The key is a vector that represents each position in the input sequence. It is used to determine the output (value) of the attention mechanism.
The value is the result of the attention computation and is used to compute the output of the transformer.

To compute the attention, the transformer computes the dot product of the query vector with the key vectors for each position in the input sequence. These dot products are then used to compute the weights for each value vector, which are then used to compute the weighted sum of the value vectors.

Pair strength determines the co-relation of each word to other.

Note- all operation done above are linear in nature

Attention mask and Non-linearity in model [complex understanding]

Before multiplying QK to “Value V” matrix/vector to get intermediate value, note there is an option named “Mask”. We have fixed input length. This attention mask resemble for this input sequence. “1” for the position where there is actual word. “0” for padded position.

The output of all stacked self-attention module (multi-head attention) is then concatenated. Resulting shape (h*[T x Dv]) is [T x h.Dv]. Followed by Linear operation (weight matrix shape [h.Dv x Dmodel]) with non-linear activation. The resultant output shape at this stage is [T x Dmodel].

To conclude, Multi-Head Attention Block takes 3 input K, Q, V all of same input shape i.e. [T x Dk] and outputs [T x Dmodel].

Compiling all Blocks

NOTE- input and output of the block in same [T x Dmodel]. SO, we can stack this block “N” times.

The input is added with multi-head attention ad itself followed by layer norm. Then passed to non-linear layer with skip-connection again.

Positional encoding

The self-attention mechanism does not have any information about the relative or absolute position of the input tokens in the sequence.

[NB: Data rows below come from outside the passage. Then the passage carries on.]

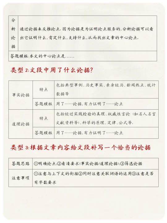 技巧:先判断是事实论据还是道理论据,再看它支撑的是中心论点还是分论点。
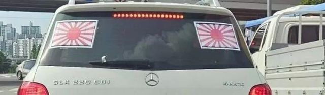 욱일기를 붙인 벤츠 차량 목격담은 이번에 처음 전해진 것이 아니다. 지난 5월 온라인 커뮤니티를 통해 처음 알려진 '욱일기 벤츠'는 당시에도 흰색 벤츠 차량 뒷유리에 욱일기 2장을 붙이고 있었다.
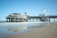 De pier van Scheveningen op een mooie zonnige dag. Deze foto is genomen met een lange sluitertijd. Dit kan je zien aan de "nevel" in de zee en het reuzenrad. Deze foto is ook in zwart wit beschikbaar.
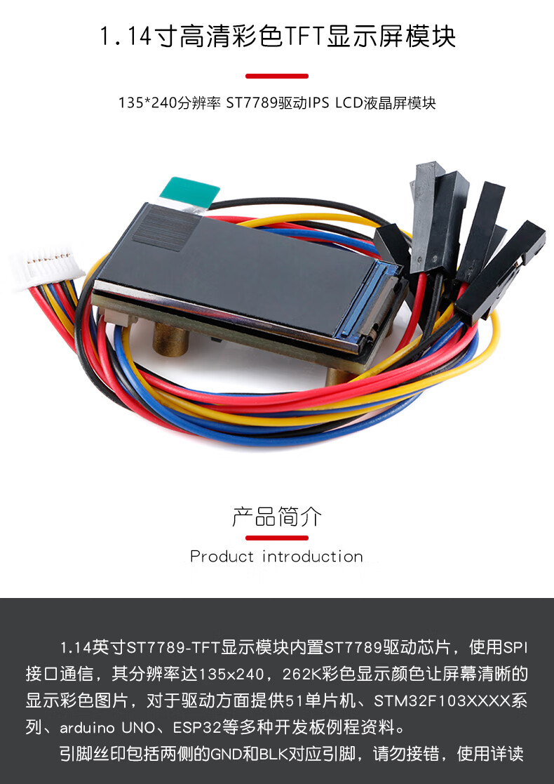 YourCee 1.14-inch high-definition color TFT display module 135*240 resolution ST7789 driver IPS LCD screen module

Positional encoding is a way of representing the position of each token in the input sequence as a vector, which is then added to the input embedding of the token.

There are several ways to create positional encodings, but one common approach is to use sinusoidal functions of different frequencies to create a set of vectors that can be added to the input embeddings. The sinusoidal functions are chosen so that the resulting vectors have different periodicities, which allows them to encode information about the position of the tokens in the sequence.

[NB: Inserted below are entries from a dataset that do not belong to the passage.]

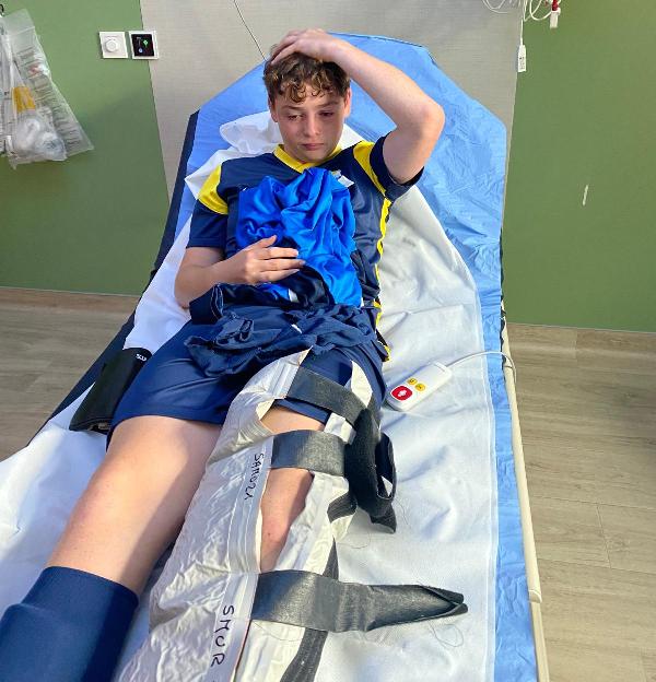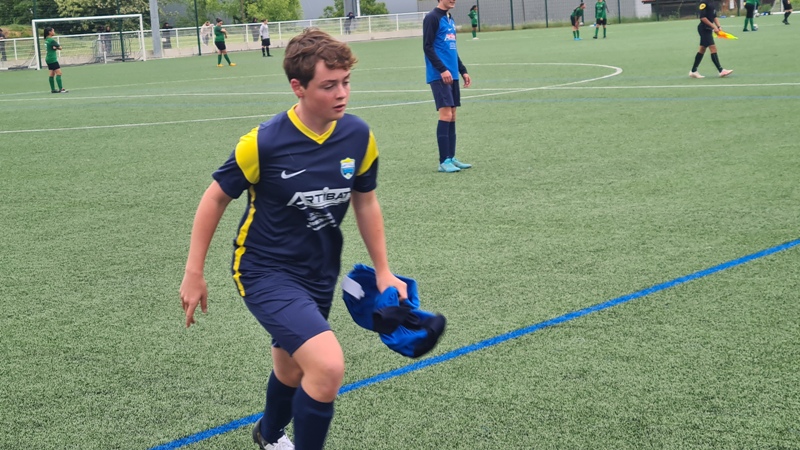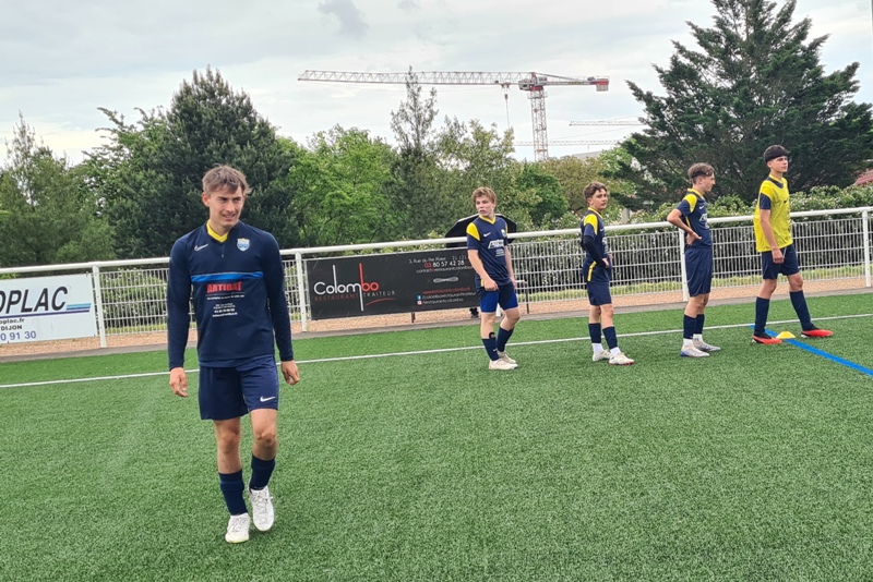 Face à la réserve de Fontaine les Dijon le match n’a malheureusement duré que cinq petites minutes… Dominés d’entrée de jeu, la bande à Matthias avait pourtant réussi à ouvrir le score suite à un gros pressing sur la défense adverse. Andréa pouvait alors récupérer le ballon pour marquer dans le but vide, 1 à 0. Malheureusement sur une action anodine, Léo retombe mal et se blesse sérieusement. Rotule du genou déboitée. Il doit alors rester immobilisé au sol pour ne pas aggraver la situation en attendant les secours. Les pompiers dans un premier temps, puis le SAMU ensuite pour lui remettre la rotule en place avant de l’évacuer au CHU pour des examens complémentaires. Nouvelles rassurantes pour Léo the Roc qui devra, par précaution, garder une attèle pendant deux semaines. Tout le monde lui souhaite un prompt rétablissement ! L’arbitre ayant interrompu la rencontre, cette dernière devrait être rejouée.
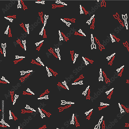 Line Dart arrow icon isolated seamless pattern on black background. Vector
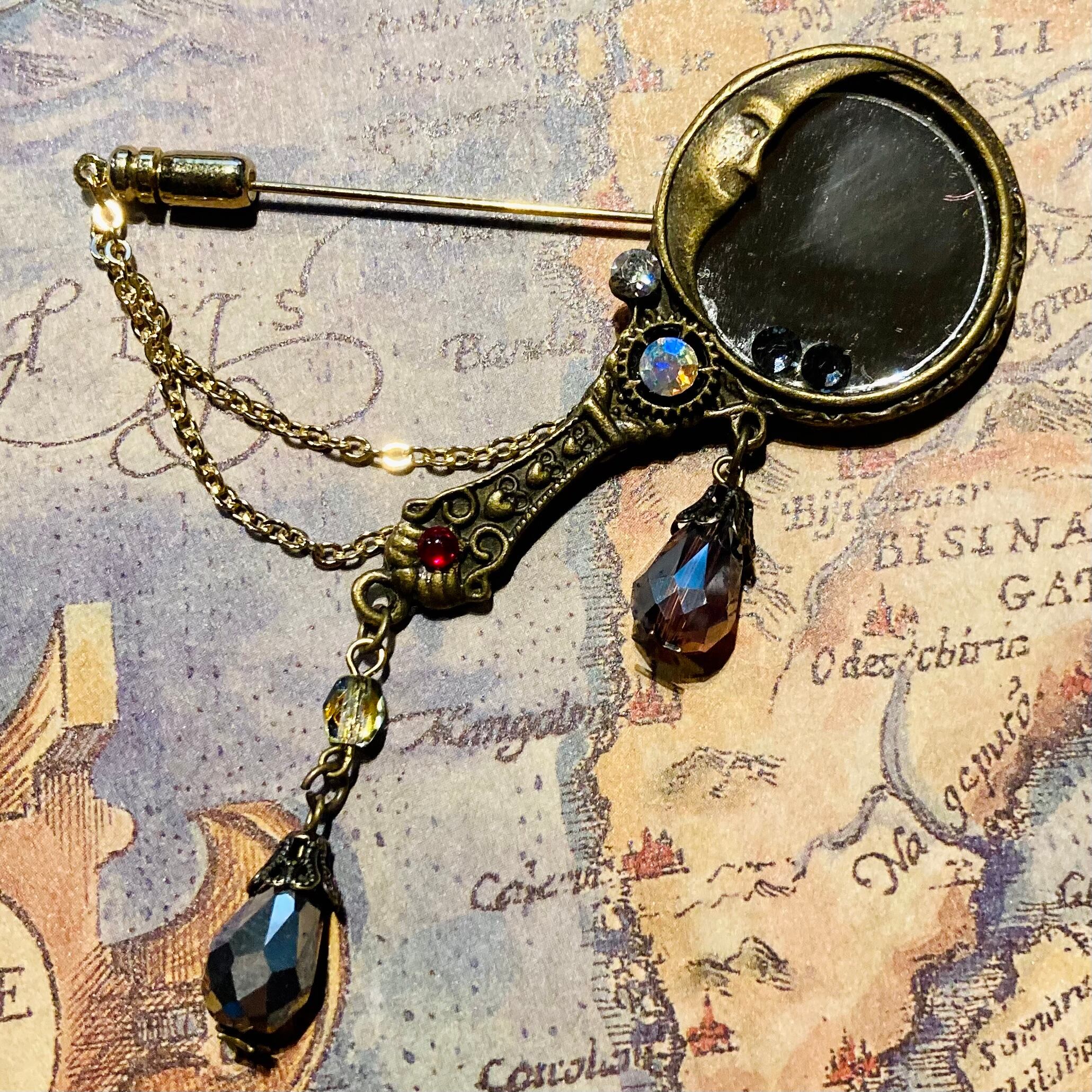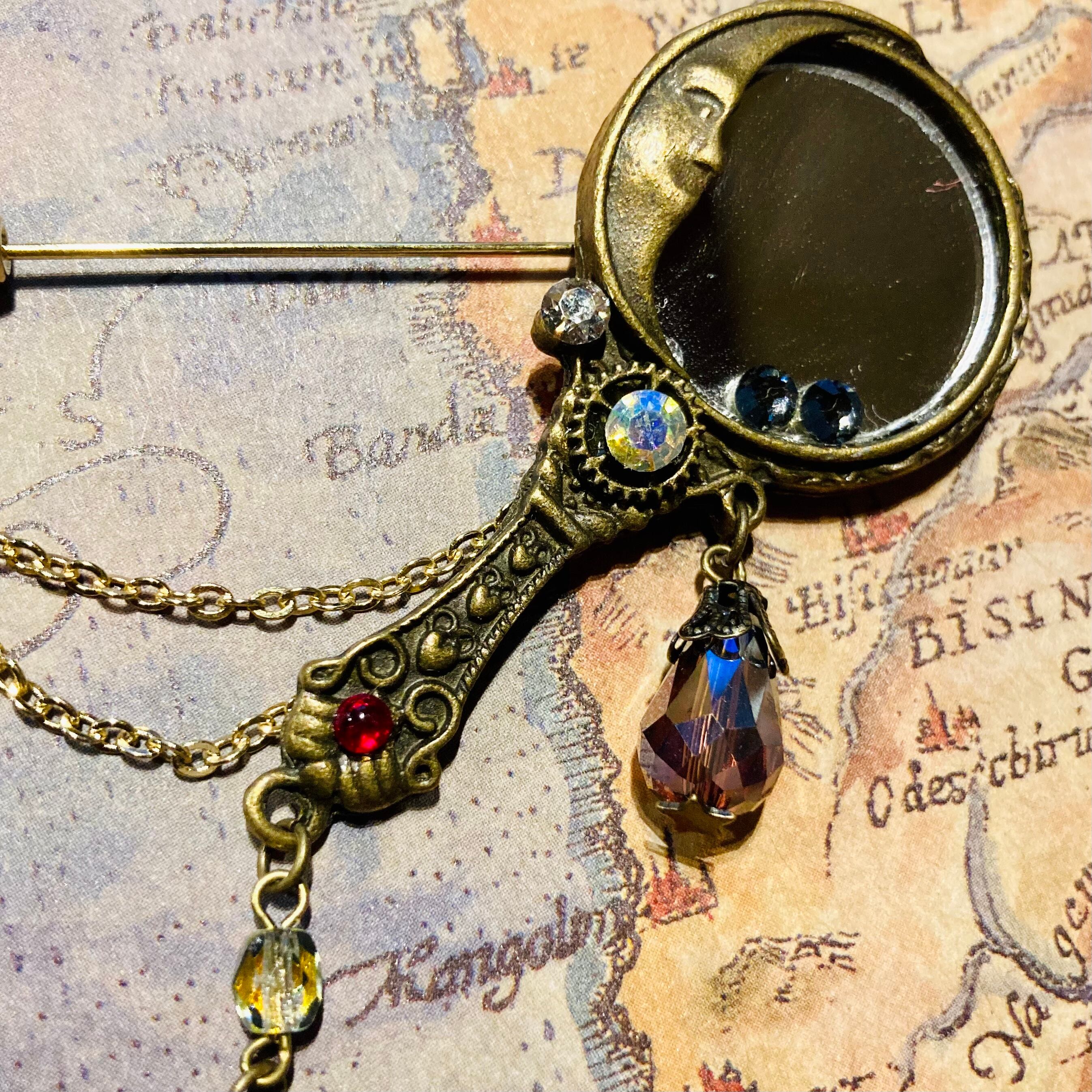 手鏡モチーフのパーツをハットピンに仕上げました。

Positional encoding is important because it allows the transformer to capture the relationships between the tokens in the sequence and their relative positions, which can be useful for tasks such as language translation and language modeling.

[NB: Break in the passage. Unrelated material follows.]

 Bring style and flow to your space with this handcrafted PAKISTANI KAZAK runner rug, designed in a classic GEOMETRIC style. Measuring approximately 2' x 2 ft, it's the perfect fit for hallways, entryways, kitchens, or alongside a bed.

SOTA architecture which uses transformer block

The transformer is a versatile architecture that is well-suited to many different types of tasks. It has become a popular choice for many state-of-the-art models in the field.

1. BERT (Bidirectional Encoder Representations from Transformers)

BERT is called a bidirectional model because it is trained to consider the context on both the left and the right sides of each word in the input text (masked language modeling).

Encoder Representations means it has several stacked transformer blocks to generate deep input embeddings.

2. GPT (Generative Pre-training Transformer)

GPT is a model that is trained to generate human-like text. It can be fine-tuned for a wide range of language generation tasks, such as machine translation, summarization, and dialog systems.

GPT is trained using a technique called “unsupervised language modeling” in which the model is given a large dataset of text and is required to predict the next word in a sequence given the context of the previous words. It’s a decoder-type transformer model.